Features — 10 May 2017 — by Rowland A. Parks
International Regional Writers Conference held in Benque Viejo Del Carmen

BENQUE VIEJO, Cayo District, Sat. May 6, 2017–As a part of the 7th International Festival of Culture, a writers conference was held today on the campus of Mount Carmel High School, in Benque Viejo del Carmen. The theme of the conference was: “The Writer as Inspiration for National Unity, Self-Confidence, and Pride.”

Several Belizean writers were present and participated in the morning and afternoon workshops which also featured writers from Honduras and Guatemala. The aim of the workshop was to amplify on the selected theme.

The workshop got underway shortly after 9:00 a.m., after the singing of the Belizean national anthem and an opening prayer.

Belizean poet David N. Ruiz, who is one of the organizers of the event, gave the welcoming address and introduced the foreign guests.

Entertainment for the occasion came in the form of a folkloric presentation by Orquidea Negra Dance Company from Belize and Ballet Folelorico de Quintana Roo, Mexico.

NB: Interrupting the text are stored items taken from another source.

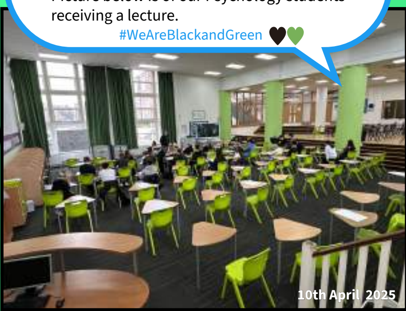
10th April 2025

Ravens Wood School @rw_school The fantastic dedication of our students continues with another great turn out today for Easter School. Well done to Y11 and Y13 students and thanks to our teachers. Picture below is of our Psychology students receiving a lecture. #WeAreBlackandGreen
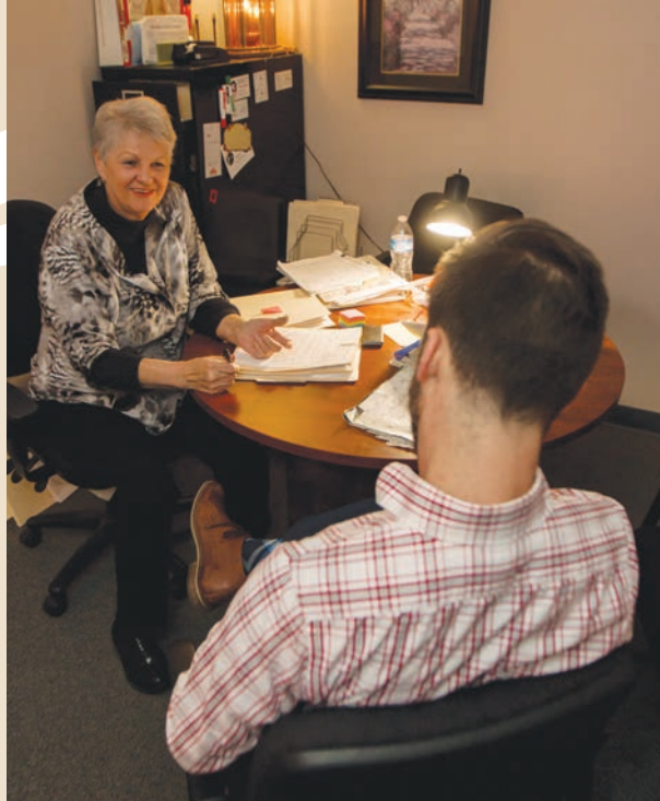
An individual receives outpatient counseling services from a WCS Certified Substance Abuse Counselor in the offices of the WCS Unlimited Potential Outpatient Mental Health Clinic (a state-licensed outpatient substance use and mental health clinic).
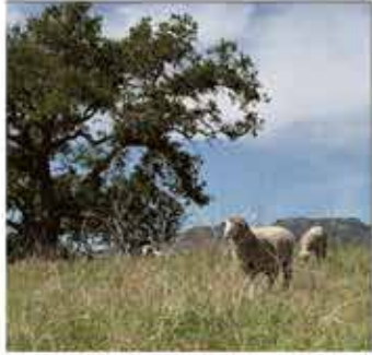
12. Sheep on the SMF Preserve.
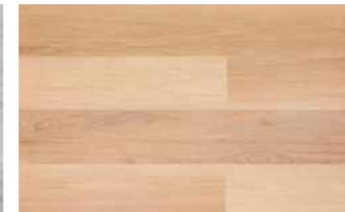
Manna Gum *WOODMIX ARN76812
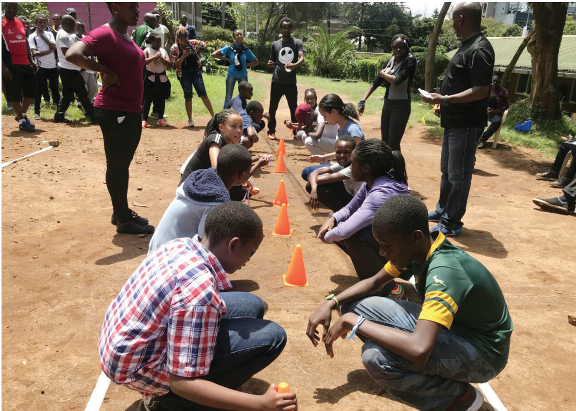
Children-ROPES family funday

The 2018 ROPES (Rites of Passage Experiences) class has 61 teenagers participating. The parents have shown great commitment to the programme. The class held a family fun day in April 2018 where children and parents interacted in fun activities and a sleep over. The programme culminates in a camp which will be held in December 2018.
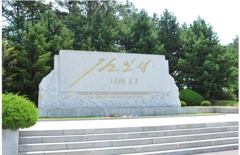
A monument inscribed with an autograph of President Kim Il Sung in honour of his exploits for the cause of national reunification.

After going round the Panmun House he went to the monument again, when he said that the President had spared no pains and achieved immortal exploits for the country's reunification indeed and that the monument was reminding him of many things. The President had worked hard for national reunification, the Chairman said, and recollected the lifelong pains and immortal exploits of the President for the country's reunification. Then he resolutely declared that they should reunify
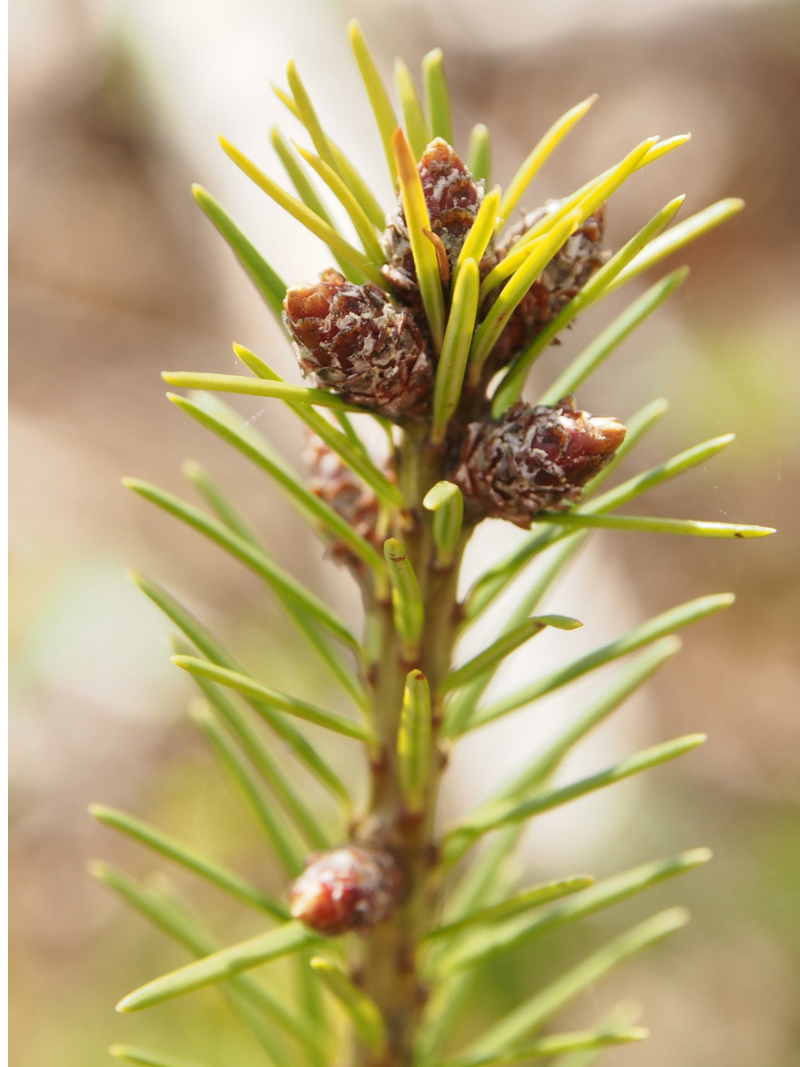
Douglas-fir is an increasing component of ALRF regeneration on drier sites

ALRF strategies for mitigating silvicultural risk in such applications will include one or more of the following: (a) keeping trials within a relatively limited proportion of the ALRF net area to be reforested in a given time period, (b) potentially establishing 'high-risk' seed sources as fill-plantings or minor admixtures among local natural regeneration and approved planted seedlots, and/or (c) rigorous documentation, monitoring and GPS / GIS mapping and recording of the locations of test plantings and trials.
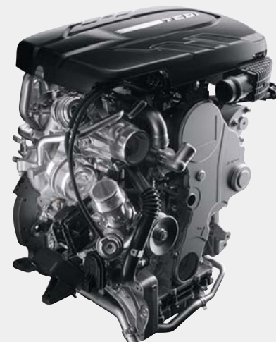
2.0 litre D20 turbo diesel
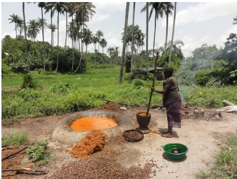
Artisanal palm oil production in Guinea.
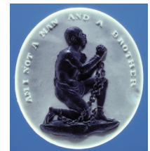
WEDGWOOD anti-slavery plaque
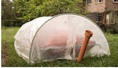
Figure 2. Flexi bio digester

envelope made of PVC canvas, housed in a fabric tunnel.[46].
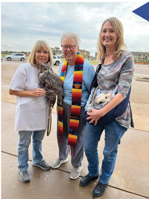
In late 2022, we held a blessing of the animals service and met all kinds of creatures, including an owl and opossum.

Today, First Presbyterian is proud to stand as a beacon of love and acceptance, opening its doors to all who seek solace, spiritual guidance, or simply a sense of belonging.

Following the presentation of the two dance companies, Daniel Rivera introduced the keynote speaker for the conference, Dr. Herman Byrd, who heads the Belize Department of Archaeology. Dr. Byrd’s address was focused on the theme of the conference, “The Writer as Inspiration for National Unity, Self-Confidence, and Pride.”

Before delivering his keynote address, Dr. Byrd thanked David Ruiz on behalf of the Community of Artists for Cultural and Historical Endeavors (CACHE) for the opportunity to participate in the International Festival of Culture and in particular this writers conference.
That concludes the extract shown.